Results of a newborn liver transplant program in the era of piggyback technique and extended donor criteria in Italy.

机构信息

General Surgery and Transplantation Unit, Polo Ospedaliero Interaziendale Trapianti (POIT), San Camillo-Forlanini General Hospital, Circ.ne Gianicolense 87, 00152, Rome, Italy.

出版信息

Updates Surg. 2011 Sep;63(3):191-200. doi: 10.1007/s13304-011-0096-1. Epub 2011 Jul 19.

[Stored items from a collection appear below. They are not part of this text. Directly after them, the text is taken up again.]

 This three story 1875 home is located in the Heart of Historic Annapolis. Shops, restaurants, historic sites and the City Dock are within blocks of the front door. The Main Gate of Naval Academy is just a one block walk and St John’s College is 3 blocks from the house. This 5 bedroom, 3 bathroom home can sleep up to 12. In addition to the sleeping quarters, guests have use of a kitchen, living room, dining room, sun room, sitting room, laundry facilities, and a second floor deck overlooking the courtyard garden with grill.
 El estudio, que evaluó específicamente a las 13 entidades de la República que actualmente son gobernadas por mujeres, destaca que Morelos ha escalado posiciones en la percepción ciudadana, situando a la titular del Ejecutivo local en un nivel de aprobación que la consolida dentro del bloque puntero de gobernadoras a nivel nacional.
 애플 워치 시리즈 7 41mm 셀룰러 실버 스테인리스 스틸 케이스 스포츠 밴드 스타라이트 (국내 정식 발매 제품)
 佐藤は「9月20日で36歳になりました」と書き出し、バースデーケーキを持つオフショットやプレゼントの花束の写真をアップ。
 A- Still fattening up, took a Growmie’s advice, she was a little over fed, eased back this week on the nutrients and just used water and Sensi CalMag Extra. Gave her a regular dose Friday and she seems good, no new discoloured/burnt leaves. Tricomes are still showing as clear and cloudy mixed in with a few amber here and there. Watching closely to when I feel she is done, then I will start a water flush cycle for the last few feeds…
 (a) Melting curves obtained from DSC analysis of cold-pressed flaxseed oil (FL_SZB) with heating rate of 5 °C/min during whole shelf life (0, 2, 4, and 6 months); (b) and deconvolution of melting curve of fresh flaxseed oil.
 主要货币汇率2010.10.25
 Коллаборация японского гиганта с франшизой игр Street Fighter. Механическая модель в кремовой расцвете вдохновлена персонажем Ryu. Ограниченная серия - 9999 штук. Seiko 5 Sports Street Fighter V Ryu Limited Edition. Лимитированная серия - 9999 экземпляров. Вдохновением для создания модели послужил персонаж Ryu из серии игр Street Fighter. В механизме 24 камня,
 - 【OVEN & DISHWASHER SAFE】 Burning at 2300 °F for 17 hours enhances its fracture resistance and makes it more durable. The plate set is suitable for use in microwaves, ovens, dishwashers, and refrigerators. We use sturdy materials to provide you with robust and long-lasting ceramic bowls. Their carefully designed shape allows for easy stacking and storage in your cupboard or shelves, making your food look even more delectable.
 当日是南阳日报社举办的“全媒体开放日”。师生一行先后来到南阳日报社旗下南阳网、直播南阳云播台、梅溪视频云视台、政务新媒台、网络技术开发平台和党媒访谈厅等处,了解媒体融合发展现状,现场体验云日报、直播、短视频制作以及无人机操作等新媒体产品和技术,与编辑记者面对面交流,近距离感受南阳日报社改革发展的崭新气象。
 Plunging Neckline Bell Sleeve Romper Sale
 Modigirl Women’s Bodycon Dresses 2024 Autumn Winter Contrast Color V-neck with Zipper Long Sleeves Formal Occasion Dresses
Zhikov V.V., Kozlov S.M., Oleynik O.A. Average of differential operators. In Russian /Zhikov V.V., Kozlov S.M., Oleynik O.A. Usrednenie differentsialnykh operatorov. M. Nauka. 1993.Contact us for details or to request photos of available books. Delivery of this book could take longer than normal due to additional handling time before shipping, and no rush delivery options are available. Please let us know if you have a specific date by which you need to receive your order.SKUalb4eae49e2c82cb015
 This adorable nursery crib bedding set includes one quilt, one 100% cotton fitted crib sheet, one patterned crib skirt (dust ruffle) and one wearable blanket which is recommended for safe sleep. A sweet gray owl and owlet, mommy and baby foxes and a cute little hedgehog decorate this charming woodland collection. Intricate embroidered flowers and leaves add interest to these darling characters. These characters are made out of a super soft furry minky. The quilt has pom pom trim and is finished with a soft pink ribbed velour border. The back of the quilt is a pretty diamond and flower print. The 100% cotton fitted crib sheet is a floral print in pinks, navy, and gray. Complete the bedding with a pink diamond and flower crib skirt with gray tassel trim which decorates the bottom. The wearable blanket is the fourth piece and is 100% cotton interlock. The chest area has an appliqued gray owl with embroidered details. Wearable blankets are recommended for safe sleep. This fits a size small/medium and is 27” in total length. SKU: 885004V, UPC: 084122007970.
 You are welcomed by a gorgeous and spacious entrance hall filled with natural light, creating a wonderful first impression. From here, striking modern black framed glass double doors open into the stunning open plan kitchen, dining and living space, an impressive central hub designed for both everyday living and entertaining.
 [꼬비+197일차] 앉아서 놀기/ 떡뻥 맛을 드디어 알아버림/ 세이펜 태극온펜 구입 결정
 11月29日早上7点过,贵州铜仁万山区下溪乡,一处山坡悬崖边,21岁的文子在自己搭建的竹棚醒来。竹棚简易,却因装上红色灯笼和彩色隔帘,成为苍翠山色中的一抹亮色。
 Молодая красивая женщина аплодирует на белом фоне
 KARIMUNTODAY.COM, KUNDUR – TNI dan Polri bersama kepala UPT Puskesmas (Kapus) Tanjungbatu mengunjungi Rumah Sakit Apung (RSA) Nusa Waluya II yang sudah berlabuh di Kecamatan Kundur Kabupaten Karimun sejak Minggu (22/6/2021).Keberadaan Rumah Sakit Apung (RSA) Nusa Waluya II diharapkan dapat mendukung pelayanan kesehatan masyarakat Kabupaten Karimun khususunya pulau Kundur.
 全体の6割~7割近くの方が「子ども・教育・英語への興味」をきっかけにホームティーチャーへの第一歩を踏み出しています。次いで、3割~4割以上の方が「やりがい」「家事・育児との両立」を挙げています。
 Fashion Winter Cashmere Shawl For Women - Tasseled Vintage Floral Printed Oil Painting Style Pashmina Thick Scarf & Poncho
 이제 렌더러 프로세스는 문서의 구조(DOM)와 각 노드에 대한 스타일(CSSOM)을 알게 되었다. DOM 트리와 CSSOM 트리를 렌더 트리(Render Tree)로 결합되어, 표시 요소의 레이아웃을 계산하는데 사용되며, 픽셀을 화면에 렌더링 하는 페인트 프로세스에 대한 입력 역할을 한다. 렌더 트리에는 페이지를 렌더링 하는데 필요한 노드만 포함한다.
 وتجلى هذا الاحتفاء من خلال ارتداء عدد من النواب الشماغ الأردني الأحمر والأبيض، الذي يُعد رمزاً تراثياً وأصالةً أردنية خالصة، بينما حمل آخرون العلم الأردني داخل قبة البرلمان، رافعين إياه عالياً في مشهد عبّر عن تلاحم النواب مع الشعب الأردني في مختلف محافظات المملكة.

DOI:10.1007/s13304-011-0096-1
PMID:21769698
Abstract

The aim of this study was to critically analyze the early and long-term results of a newborn liver transplantation (LTx) centre using piggyback technique (PT) without venovenous bypass and portocaval shunt in the era of extended criteria donors (ECDs). Between 2002 and 2010, a total of 229 LTx were performed in 225 patients, with the shortest as possible cold ischemia time (CIT) policy. The charts of the donors and recipients and the intraoperative data were retrospectively reviewed in order to define the feasibility of PT and surgical outcome, and long-term graft and patient survival. PT feasibility rate was 100%, with a median duration of surgery of 390 min (range 210-630) and median unit of packed RBC transfused intraoperatively of 1 U (range 1-10). Median CIT was 400 min (range 130-870), and median AST peak was 403 mmol/L (range 48-16,900). ECDs graft rate was 85%. Over all primary dysfunction and non-function (PNF) rates were 7.4 and 2.2%, respectively and increased with graft steatosis >30% (P < 0.004). Mortality, morbidity, re-operation and re-LTx rates were 4.4, 25, 6.1 and 1.3%, respectively, and median hospital stay was 18 days (range 8-150). On the long term, graft and patient 5-year overall survival were 72 and 74%, respectively, and re-LTx rate was 0.4%. Survival was significantly affected by recipient HCV-Ab seropositive status (67 vs. 85%, P = 0.023). Liver transplantation can be performed with low morbidity and mortality rates, despite ECDs. PT is a safe and effective procedure that, combined with short CIT, entailed prompt early functional recovery of the grafts and positive long-term results.

摘要

本研究旨在批判性分析在使用扩展标准供体(ECD)的时代,使用背驮式技术(PT)不进行静脉-静脉旁路和门腔分流的新生儿肝移植(LTx)中心的早期和长期结果。2002 年至 2010 年,共对 225 例患者中的 229 例进行了 LTx,采用尽可能短的冷缺血时间(CIT)策略。回顾供体和受者的图表以及术中数据,以确定 PT 的可行性和手术结果以及长期移植物和患者存活率。PT 的可行性率为 100%,手术时间中位数为 390 分钟(范围 210-630),术中输注的浓缩红细胞单位中位数为 1U(范围 1-10)。中位 CIT 为 400 分钟(范围 130-870),AST 峰值中位数为 403mmol/L(范围 48-16900)。ECD 移植物使用率为 85%。所有原发性功能障碍和无功能(PNF)率分别为 7.4%和 2.2%,且随着移植物脂肪变性>30%而增加(P<0.004)。死亡率、发病率、再次手术和再次 LTx 率分别为 4.4%、25%、6.1%和 1.3%,中位住院时间为 18 天(范围 8-150)。长期来看,移植物和患者 5 年总生存率分别为 72%和 74%,再次 LTx 率为 0.4%。受者 HCV-Ab 阳性状态显著影响生存率(67%比 85%,P=0.023)。尽管使用 ECD,但 LTx 仍可实现低发病率和死亡率。PT 是一种安全有效的方法,与短 CIT 相结合,导致移植物早期功能迅速恢复,并获得积极的长期结果。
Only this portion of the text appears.